■ **Information shown**:
++++++++++
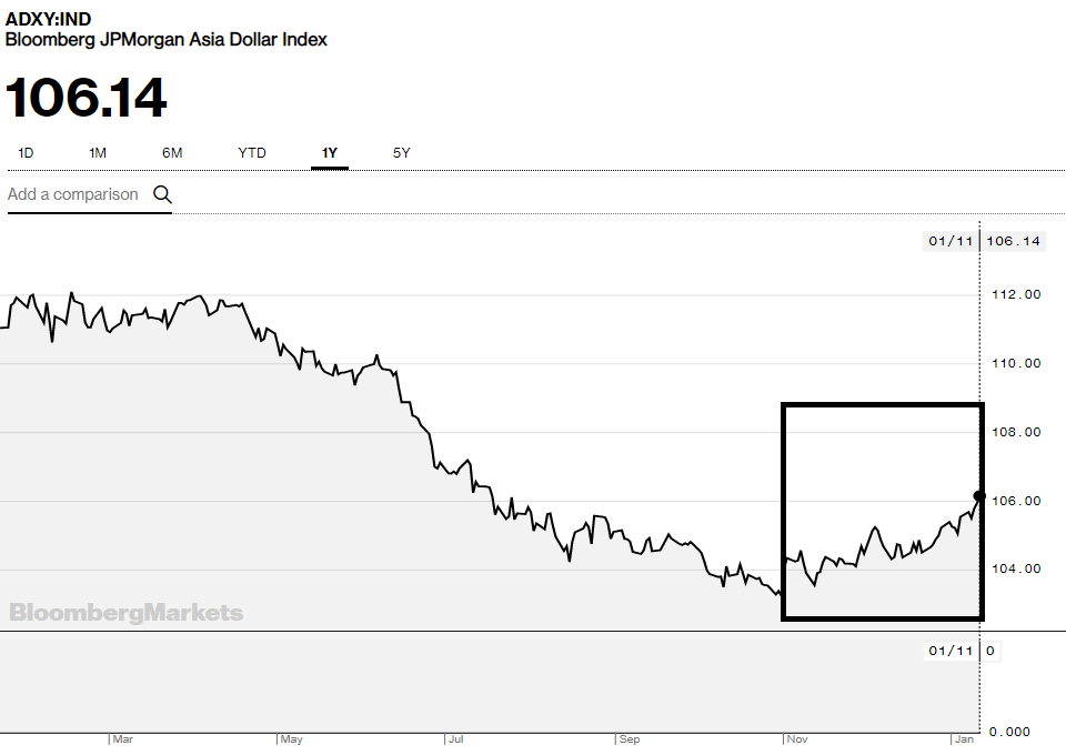 可是,若只看亞洲貨幣指數,卻已自11月初見底持續回升,明顯較整體新興市場強。事實上,不少東南亞國家的股市亦自11月初見底持續反彈,難得股匯齊升,卻鮮有傳媒提及。
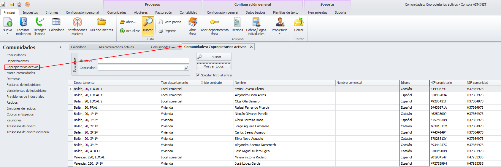 Se añade columna idioma en la vista de copropietarios activos
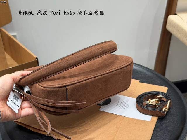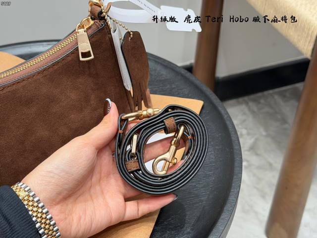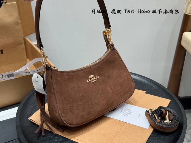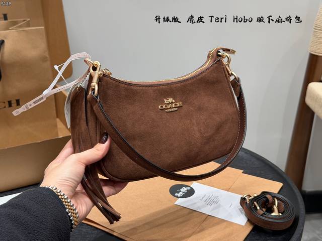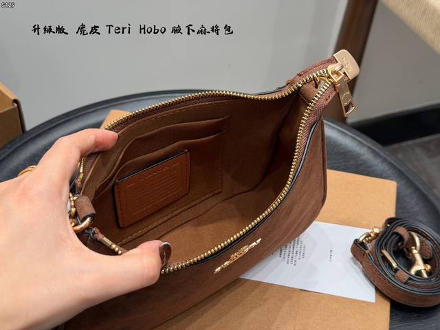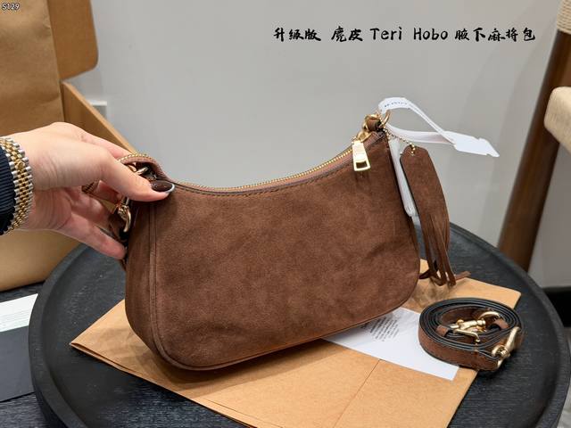 飞机盒 升级版 蔻驰Coach Teri 腋下包 Hobo麻将包麂皮棕 麂皮真的越看越有质感 搭配小小Teir 超级好看! 还有自带的小挂件 秋冬氛围感直接拿捏啦 Size:24X7X13Cm
++++++++++
■ **Brief**: Every line above should be printed again word for word, without its pictures.

■ **Written answer**:
 可是,若只看亞洲貨幣指數,卻已自11月初見底持續回升,明顯較整體新興市場強。事實上,不少東南亞國家的股市亦自11月初見底持續反彈,難得股匯齊升,卻鮮有傳媒提及。
 Se añade columna idioma en la vista de copropietarios activos
 飞机盒 升级版 蔻驰Coach Teri 腋下包 Hobo麻将包麂皮棕 麂皮真的越看越有质感 搭配小小Teir 超级好看! 还有自带的小挂件 秋冬氛围感直接拿捏啦 Size:24X7X13Cm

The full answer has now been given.